Interactions between spinach ferredoxin and other electron carriers: The involvement of a ferredoxin:Cytochrome c complex in the ferredoxin-linked cytochrome c reductase activity of ferredoxin:NADP + oxidoreductase

Abstract

The trinitrophenylation of a single amino group of spinach ferredoxin abolishes its ability to inhibit the diaphorase activity of the flavoprotein, ferredoxin:NADP oxidoreductase (EC 1.6.7.1); in contrast, the ability of ferredoxin to participate in the ferredoxin-linked cytochrome c reductase activity catalyzed by the flavoprotein is unaffected. Comparison with previously published results [Davis, D. J., and San Pietro, A. (1977) Biochem. Biophys. Res. Commun. 74, 33–40]indicates that the site of interaction between ferredoxin and the flavoprotein resulting in inhibition if diaphorase activity is responsible for the spectrally observable 1:1 complex between the two proteins and is identical to the site of ferredoxin involvement in NADP photoreduction.
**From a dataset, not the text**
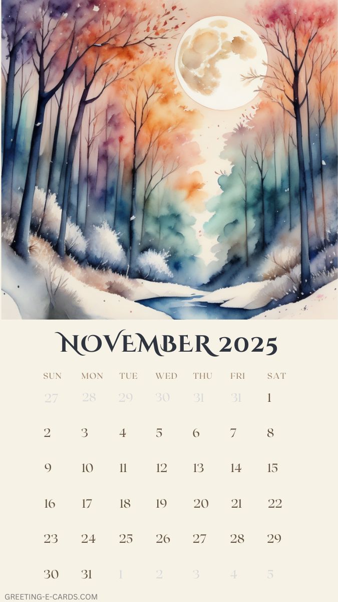 Download this free November 2025 calendar phone wallpaper featuring a beautiful nature scene for your lockscreen.

The role of ferredoxin in the ferredoxin-linked cytochrome c reductase activity of the flavoprotein has been reexamined under conditions were the entire electron-accepting system (rather than just the ferredoxin component) is rate limiting. The data support a mechanism by which ferredoxin can bind either to the flavoprotein or to cytochrome c, and the ferredoxin:cytochrome c complex serves as the true substrate for reduction by the flavoprotein. Furthermore, Chromatographic evidence is presented for the formation of complexes between ferredoxin and cytochrome c.